▶ Aim of the exercise:
Pictures in the records below must be left out. Return exactly the lines from the line with "NK Osijek sudjelovao" to the line with "Figura 1. L'Italia", both included.

▶ Records drawn from a dataset:
☆ ☆ ☆ ☆

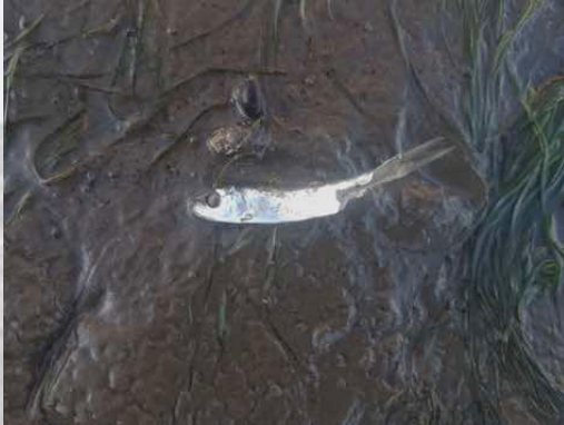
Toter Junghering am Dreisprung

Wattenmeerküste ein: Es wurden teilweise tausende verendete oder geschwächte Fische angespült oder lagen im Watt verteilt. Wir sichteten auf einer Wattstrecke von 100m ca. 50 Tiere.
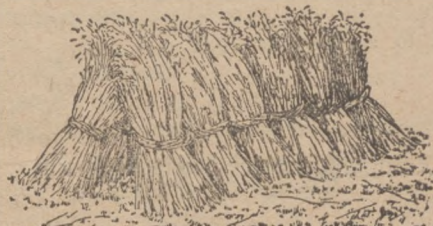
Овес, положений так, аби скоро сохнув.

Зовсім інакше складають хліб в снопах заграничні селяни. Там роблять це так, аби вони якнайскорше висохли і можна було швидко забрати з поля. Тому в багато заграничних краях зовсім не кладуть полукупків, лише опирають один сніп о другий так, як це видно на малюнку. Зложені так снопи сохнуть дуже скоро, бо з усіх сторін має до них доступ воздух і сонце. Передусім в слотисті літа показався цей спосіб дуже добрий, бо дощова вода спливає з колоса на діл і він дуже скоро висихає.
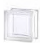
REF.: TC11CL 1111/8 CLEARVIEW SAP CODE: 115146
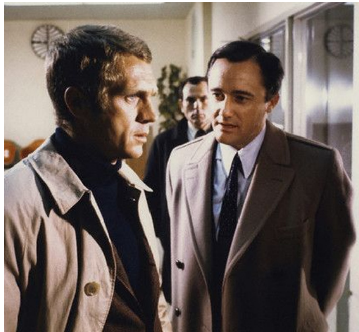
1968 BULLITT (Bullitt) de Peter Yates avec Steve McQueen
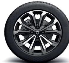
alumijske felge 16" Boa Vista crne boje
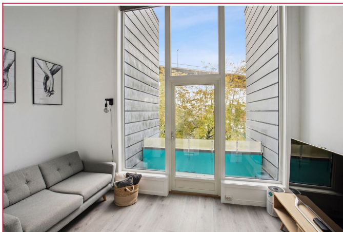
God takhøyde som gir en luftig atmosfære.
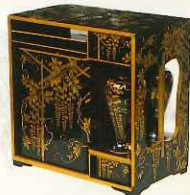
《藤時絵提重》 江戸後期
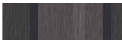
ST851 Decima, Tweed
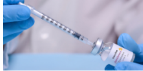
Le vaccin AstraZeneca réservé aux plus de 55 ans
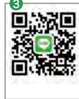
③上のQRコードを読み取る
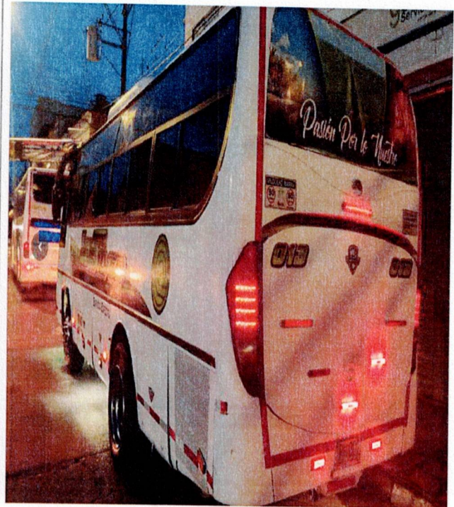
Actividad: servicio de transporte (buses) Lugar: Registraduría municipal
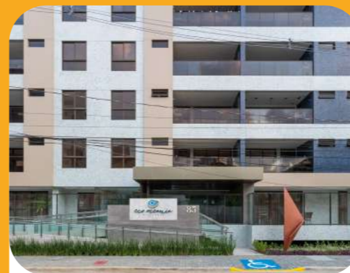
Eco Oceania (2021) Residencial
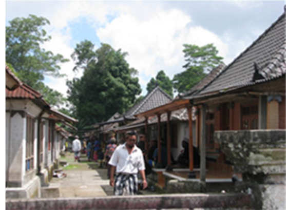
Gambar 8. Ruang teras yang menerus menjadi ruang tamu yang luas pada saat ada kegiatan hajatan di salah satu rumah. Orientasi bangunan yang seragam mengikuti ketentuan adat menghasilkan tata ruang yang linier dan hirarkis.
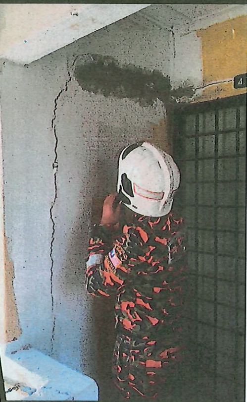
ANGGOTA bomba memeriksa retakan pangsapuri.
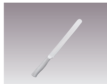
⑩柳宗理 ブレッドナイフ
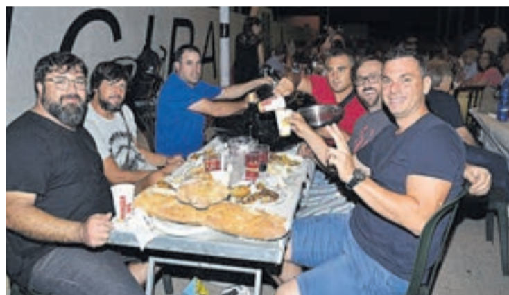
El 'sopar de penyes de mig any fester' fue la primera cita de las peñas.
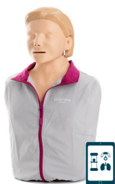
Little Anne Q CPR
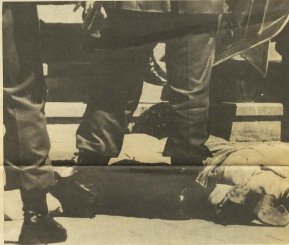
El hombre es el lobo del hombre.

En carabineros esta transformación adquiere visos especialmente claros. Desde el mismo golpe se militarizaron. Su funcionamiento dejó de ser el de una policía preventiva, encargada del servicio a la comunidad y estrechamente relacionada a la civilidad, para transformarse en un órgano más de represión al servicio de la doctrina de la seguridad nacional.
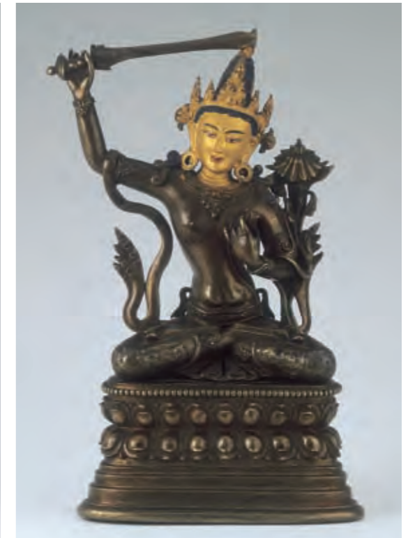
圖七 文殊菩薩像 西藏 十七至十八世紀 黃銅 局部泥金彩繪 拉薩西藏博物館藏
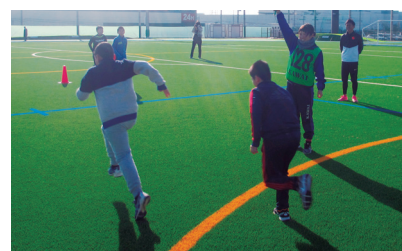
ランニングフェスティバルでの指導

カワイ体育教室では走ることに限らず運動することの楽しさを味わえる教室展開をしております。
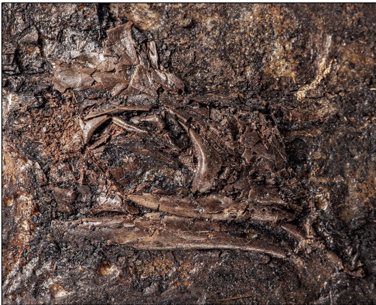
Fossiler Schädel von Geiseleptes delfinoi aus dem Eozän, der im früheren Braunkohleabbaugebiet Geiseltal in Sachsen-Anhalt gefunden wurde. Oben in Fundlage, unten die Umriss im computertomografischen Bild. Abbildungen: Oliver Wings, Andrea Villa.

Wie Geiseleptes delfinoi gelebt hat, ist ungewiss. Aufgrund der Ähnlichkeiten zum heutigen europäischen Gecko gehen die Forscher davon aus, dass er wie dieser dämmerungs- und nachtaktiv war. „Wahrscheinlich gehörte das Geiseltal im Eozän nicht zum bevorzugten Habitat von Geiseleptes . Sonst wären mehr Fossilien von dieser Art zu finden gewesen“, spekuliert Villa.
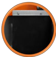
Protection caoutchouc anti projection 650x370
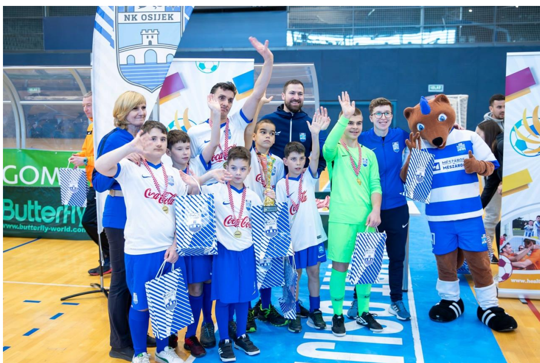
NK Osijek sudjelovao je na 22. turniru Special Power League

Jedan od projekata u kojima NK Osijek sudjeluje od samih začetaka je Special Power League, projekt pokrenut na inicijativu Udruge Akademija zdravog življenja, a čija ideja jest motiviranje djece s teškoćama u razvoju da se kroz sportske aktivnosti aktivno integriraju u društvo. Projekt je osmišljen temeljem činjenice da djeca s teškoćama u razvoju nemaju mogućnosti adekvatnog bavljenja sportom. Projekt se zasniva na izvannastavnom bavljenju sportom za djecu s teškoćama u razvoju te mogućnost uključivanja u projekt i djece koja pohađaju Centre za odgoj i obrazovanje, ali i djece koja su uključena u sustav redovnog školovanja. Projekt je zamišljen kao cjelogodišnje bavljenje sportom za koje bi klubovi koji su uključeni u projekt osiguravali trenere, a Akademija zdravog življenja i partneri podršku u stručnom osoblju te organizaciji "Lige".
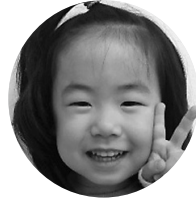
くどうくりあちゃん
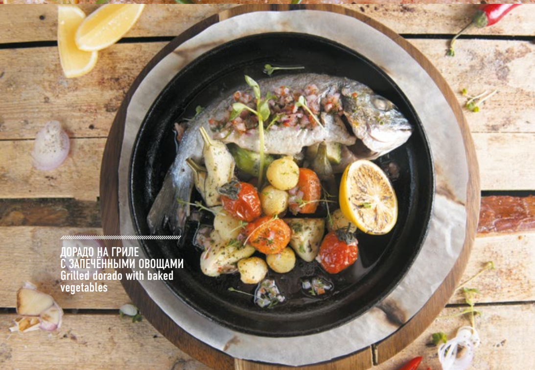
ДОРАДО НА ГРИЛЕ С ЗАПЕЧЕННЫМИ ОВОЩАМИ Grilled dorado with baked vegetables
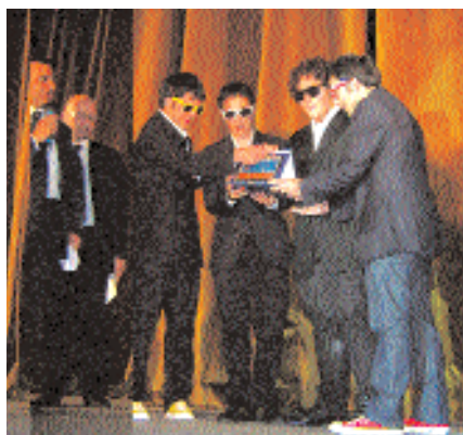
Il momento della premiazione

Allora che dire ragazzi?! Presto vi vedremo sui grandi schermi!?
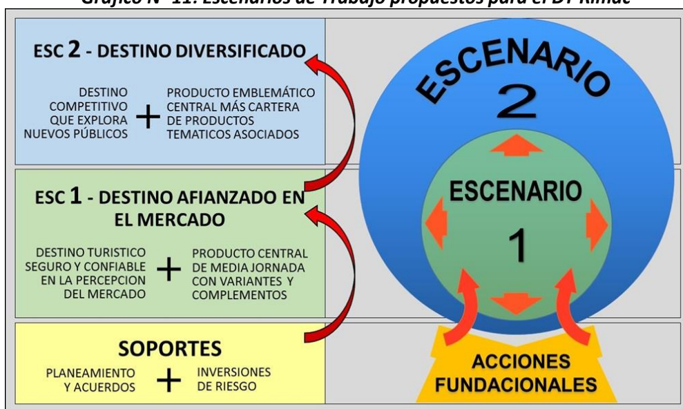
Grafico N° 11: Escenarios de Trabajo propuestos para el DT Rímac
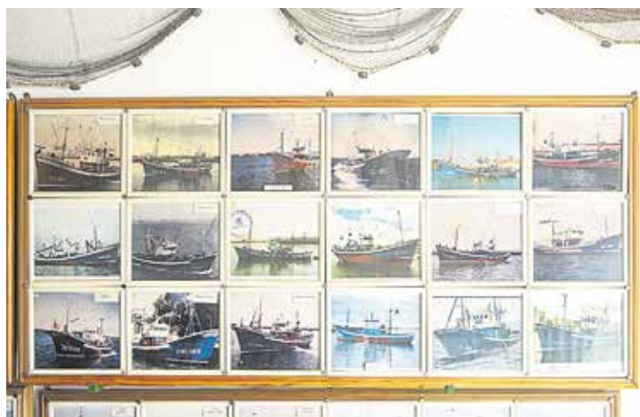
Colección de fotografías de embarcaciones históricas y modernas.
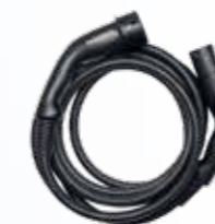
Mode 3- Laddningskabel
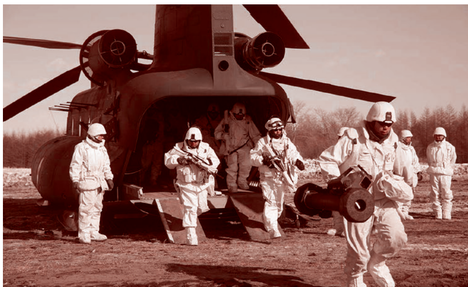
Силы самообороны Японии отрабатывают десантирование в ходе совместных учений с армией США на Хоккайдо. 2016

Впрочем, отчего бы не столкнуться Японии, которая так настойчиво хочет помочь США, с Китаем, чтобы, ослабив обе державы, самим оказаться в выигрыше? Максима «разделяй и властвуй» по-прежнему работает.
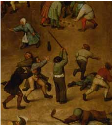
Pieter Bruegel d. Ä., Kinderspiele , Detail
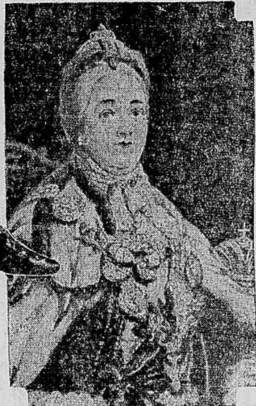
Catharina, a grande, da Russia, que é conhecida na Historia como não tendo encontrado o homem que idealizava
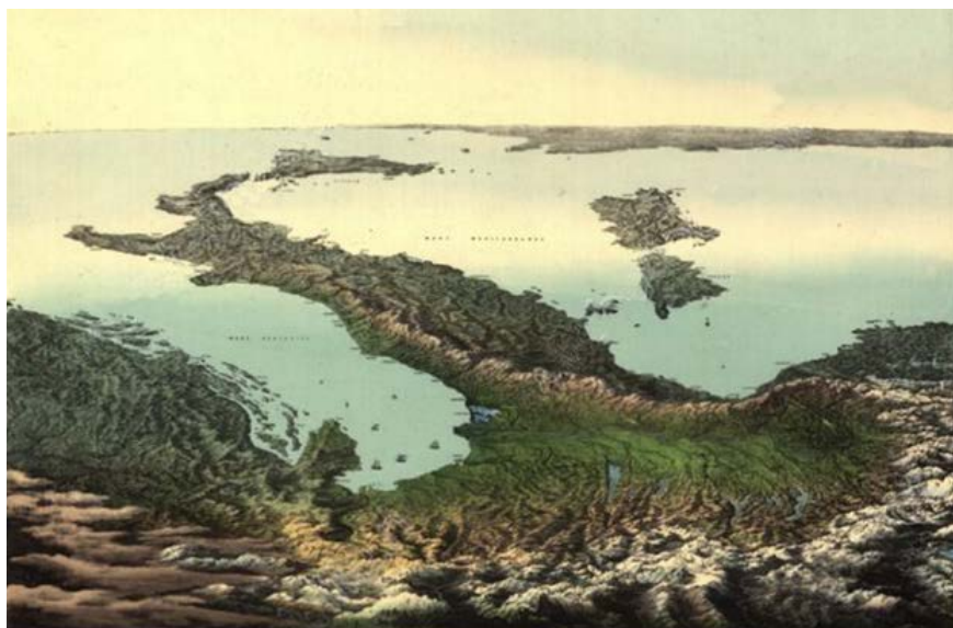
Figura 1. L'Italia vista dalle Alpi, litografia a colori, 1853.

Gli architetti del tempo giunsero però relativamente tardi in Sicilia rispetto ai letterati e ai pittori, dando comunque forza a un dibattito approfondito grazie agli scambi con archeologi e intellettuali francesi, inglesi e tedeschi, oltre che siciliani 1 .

☆ ☆ ☆ ☆

▶ Output:
NK Osijek sudjelovao je na 22. turniru Special Power League

Jedan od projekata u kojima NK Osijek sudjeluje od samih začetaka je Special Power League, projekt pokrenut na inicijativu Udruge Akademija zdravog življenja, a čija ideja jest motiviranje djece s teškoćama u razvoju da se kroz sportske aktivnosti aktivno integriraju u društvo. Projekt je osmišljen temeljem činjenice da djeca s teškoćama u razvoju nemaju mogućnosti adekvatnog bavljenja sportom. Projekt se zasniva na izvannastavnom bavljenju sportom za djecu s teškoćama u razvoju te mogućnost uključivanja u projekt i djece koja pohađaju Centre za odgoj i obrazovanje, ali i djece koja su uključena u sustav redovnog školovanja. Projekt je zamišljen kao cjelogodišnje bavljenje sportom za koje bi klubovi koji su uključeni u projekt osiguravali trenere, a Akademija zdravog življenja i partneri podršku u stručnom osoblju te organizaciji "Lige".
くどうくりあちゃん
ДОРАДО НА ГРИЛЕ С ЗАПЕЧЕННЫМИ ОВОЩАМИ Grilled dorado with baked vegetables
Il momento della premiazione

Allora che dire ragazzi?! Presto vi vedremo sui grandi schermi!?
Grafico N° 11: Escenarios de Trabajo propuestos para el DT Rímac
Colección de fotografías de embarcaciones históricas y modernas.
Mode 3- Laddningskabel
Силы самообороны Японии отрабатывают десантирование в ходе совместных учений с армией США на Хоккайдо. 2016

Впрочем, отчего бы не столкнуться Японии, которая так настойчиво хочет помочь США, с Китаем, чтобы, ослабив обе державы, самим оказаться в выигрыше? Максима «разделяй и властвуй» по-прежнему работает.
Pieter Bruegel d. Ä., Kinderspiele , Detail
Catharina, a grande, da Russia, que é conhecida na Historia como não tendo encontrado o homem que idealizava
Figura 1. L'Italia vista dalle Alpi, litografia a colori, 1853.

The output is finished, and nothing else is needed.